_Exercise_
Using the material below, print a verbatim copy of every line from the one containing "Lebih biadab lagi" through the one containing "265R. Bushmaster –", inclusive, and omit the pictures.

++++++++++++++++++++

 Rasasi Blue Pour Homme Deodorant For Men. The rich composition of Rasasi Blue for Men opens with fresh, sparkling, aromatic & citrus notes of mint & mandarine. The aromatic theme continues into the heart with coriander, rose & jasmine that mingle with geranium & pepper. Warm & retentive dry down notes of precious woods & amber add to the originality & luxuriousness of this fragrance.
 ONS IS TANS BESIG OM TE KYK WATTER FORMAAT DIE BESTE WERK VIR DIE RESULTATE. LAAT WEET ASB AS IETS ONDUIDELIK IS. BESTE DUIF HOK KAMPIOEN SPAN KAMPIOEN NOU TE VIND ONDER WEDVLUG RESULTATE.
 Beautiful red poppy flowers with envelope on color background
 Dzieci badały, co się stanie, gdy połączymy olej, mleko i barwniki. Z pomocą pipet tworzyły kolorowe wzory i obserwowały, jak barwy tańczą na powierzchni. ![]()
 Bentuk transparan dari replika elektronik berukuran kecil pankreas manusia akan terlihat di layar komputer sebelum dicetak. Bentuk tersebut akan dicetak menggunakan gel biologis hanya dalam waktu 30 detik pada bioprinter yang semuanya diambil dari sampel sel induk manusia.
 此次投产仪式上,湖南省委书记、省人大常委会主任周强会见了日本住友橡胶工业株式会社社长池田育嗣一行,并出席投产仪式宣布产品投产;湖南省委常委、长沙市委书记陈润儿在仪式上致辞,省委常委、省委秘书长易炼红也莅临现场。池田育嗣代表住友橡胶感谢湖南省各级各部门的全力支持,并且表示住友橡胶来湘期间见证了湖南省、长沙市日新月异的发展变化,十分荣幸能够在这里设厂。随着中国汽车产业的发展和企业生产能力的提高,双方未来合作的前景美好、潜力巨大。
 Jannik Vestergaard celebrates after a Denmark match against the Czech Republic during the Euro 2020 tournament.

++++++++++++++++++++

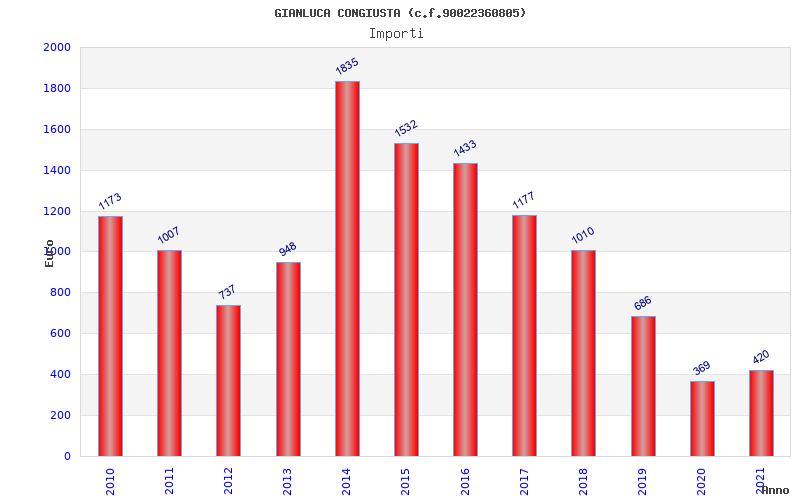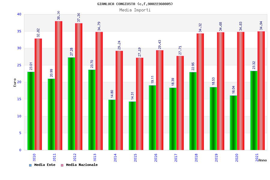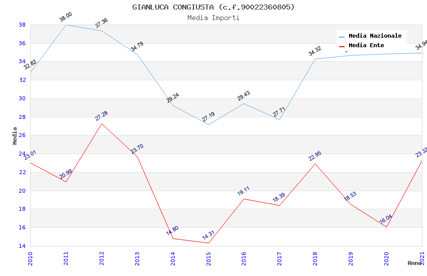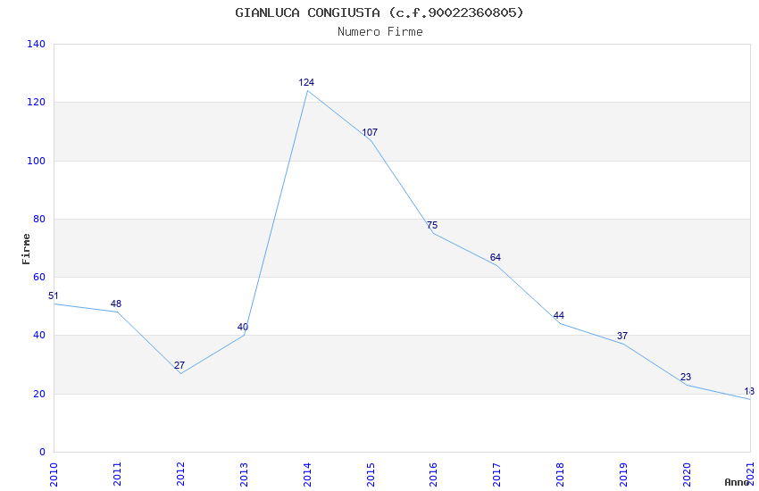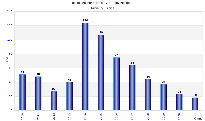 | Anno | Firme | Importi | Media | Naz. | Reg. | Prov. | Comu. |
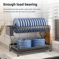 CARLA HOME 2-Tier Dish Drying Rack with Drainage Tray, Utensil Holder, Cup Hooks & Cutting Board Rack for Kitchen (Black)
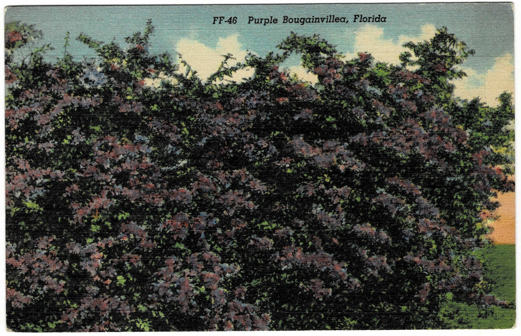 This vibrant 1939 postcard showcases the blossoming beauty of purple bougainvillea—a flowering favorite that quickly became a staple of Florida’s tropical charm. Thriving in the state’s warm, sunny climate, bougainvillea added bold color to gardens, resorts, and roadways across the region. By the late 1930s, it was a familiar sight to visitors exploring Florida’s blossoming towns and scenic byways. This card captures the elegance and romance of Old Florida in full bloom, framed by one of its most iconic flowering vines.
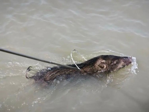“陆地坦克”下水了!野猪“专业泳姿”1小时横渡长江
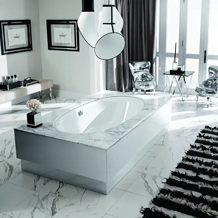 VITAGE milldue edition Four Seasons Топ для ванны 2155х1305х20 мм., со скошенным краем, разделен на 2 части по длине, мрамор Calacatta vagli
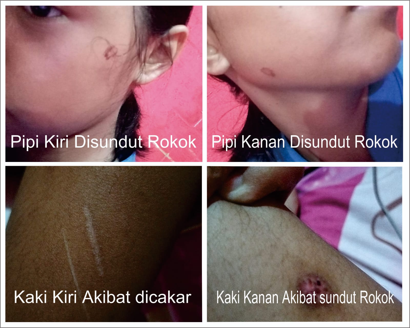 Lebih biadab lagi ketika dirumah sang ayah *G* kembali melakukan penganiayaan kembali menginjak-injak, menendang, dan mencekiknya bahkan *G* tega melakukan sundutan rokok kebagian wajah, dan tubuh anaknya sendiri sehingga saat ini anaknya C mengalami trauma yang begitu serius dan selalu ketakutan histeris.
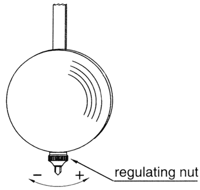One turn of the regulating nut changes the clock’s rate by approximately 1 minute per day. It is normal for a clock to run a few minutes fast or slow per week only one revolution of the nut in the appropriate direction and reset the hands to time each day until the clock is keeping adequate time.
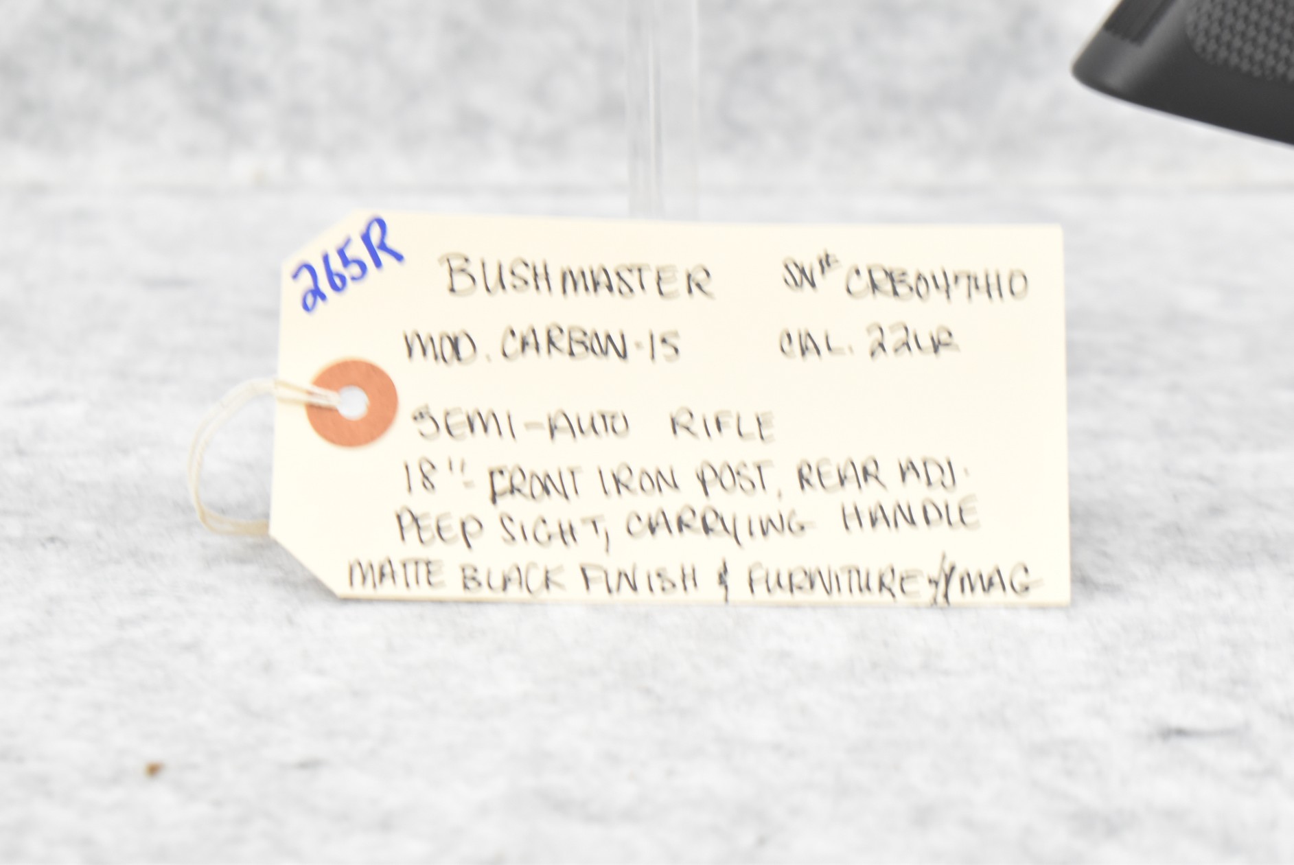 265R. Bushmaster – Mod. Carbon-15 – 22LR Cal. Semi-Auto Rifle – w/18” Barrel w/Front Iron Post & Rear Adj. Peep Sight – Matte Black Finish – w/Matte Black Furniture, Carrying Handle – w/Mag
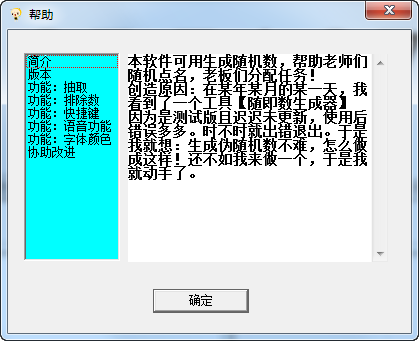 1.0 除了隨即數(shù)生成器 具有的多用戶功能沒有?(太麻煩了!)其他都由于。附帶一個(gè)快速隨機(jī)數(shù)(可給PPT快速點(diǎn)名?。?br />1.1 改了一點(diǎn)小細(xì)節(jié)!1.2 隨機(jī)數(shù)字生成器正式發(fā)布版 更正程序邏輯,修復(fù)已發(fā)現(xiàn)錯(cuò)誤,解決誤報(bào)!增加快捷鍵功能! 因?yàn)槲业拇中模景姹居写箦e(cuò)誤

++++++++++++++++++++

_Solution below_
 Lebih biadab lagi ketika dirumah sang ayah *G* kembali melakukan penganiayaan kembali menginjak-injak, menendang, dan mencekiknya bahkan *G* tega melakukan sundutan rokok kebagian wajah, dan tubuh anaknya sendiri sehingga saat ini anaknya C mengalami trauma yang begitu serius dan selalu ketakutan histeris.
One turn of the regulating nut changes the clock’s rate by approximately 1 minute per day. It is normal for a clock to run a few minutes fast or slow per week only one revolution of the nut in the appropriate direction and reset the hands to time each day until the clock is keeping adequate time.
 265R. Bushmaster – Mod. Carbon-15 – 22LR Cal. Semi-Auto Rifle – w/18” Barrel w/Front Iron Post & Rear Adj. Peep Sight – Matte Black Finish – w/Matte Black Furniture, Carrying Handle – w/Mag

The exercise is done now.